I have to say, this is the most important part of the e-mail and Tor.com just nailed it.
Now, let’s take a look at how an e-mail book discovery/promotion service does it. BookBub e-mails come once a day, and each one usually offers 1-3 e-book deals. This one in particular had two. The first one:
I really like the layout of the promos; you can generally fit both of them in a single screen without much scrolling (even on mobile devices). Good use of white space and complementary colors like red, blue, and black. This particular cover doesn’t wow me, but the call-to-action is perfect: a substantial discount (87.5%) and a nice big button. Here’s the other one:
This book is normally $1.99, but today it’s free, as many Bookbub promos are. Spoiler warning: People like free! Not every daily deal includes a free book, but the fact that so many are keeps subscribers on the ever-growing lists.
It’s a simple fact that most publishers are too large to enjoy the same loyalty that readers give to their favorite authors (Baen might be one exception, as they publish a modest number of books per year under a well-established brand). That’s why I admire what HarperCollins has done by calling their service “BookPerk” rather than the company’s name. Look at the header:
The compact header is aesthetically pleasing, and reminds the readers why they’ve joined: to get bargains, sneak peaks, and special offers. They just happen to all be for HarperCollins books. On to the body:
You’ll note many similarities to some of the other examples we’ve seen. The cover is professionally done. The book description is a bit meatier. Notice the considerable discount and the bonus content. These are buying triggers, things that convince a person to make the purchase right here, right now. And bonus points to my publisher for including a buy button for IndieBound.
The E-mail Footer
The subject line and e-mail body are arguably the most important parts of book marketing e-mails, but I was interested to see how these four companies closed out their e-mails.
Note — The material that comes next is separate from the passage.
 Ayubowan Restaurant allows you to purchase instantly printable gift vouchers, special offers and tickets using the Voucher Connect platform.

First, I wanted to check for FTC compliance: many authors don’t realize this (until they sign up for MailChimp or another provider), but FTC regulations require that any message sent to a mailing list include an unubscribe link, the identity of the sender, and the sender’s physical address (no P.O. boxes).
That last one is what always surprises people. Authors are constantly warned to protect their own privacy — due to the number of crazies out there in the world — but then they’re required to give out their physical address. It’s a strange rule, and (to my knowledge), not strongly enforced. Even so, three of the four companies here provided their physical address, so they seem to take it seriously.
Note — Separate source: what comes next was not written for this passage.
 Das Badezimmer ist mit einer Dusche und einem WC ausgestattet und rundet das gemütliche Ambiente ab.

Let’s start with HarperCollins this time:
Though we can expect that the majority of e-mail recipients won’t read through to the bottom, BookPerk offers a tantalizing call to action for those who do: download our app to get even more deals. Not bad.
Tor.com the Imprint
Tor.com closes out their e-mail with this:
I like that they provide a preview of what’s to come, which both motivates the reader to remain a subscriber, and may tickle the memory when next month’s e-mail arrives. There’s also an invitation to connect on social media, which will please those readers who want a little bit more than a monthly digest. Last of all there’s this:
Last but not least, the daily deal from BookBub includes a simple call-to-action in the footer:
Following that link brings up a nice page where one can invite friends by putting in e-mail addresses OR by providing your Gmail contacts.
Unlike the Tor.com version, this one has a clear brand association in the Bookbub style. If even one out of every hundred visitors agrees to invite through Gmail, BookBub will reap tons of new potential subscribers. Growing one’s email list is just as important as making a sale, and I think BookBub is doing it well.
Bottom line, I think we can agree that these four companies know how to promote and sell books. I certainly learned a lot while studying how they do so via e-mail, and I hope you did too.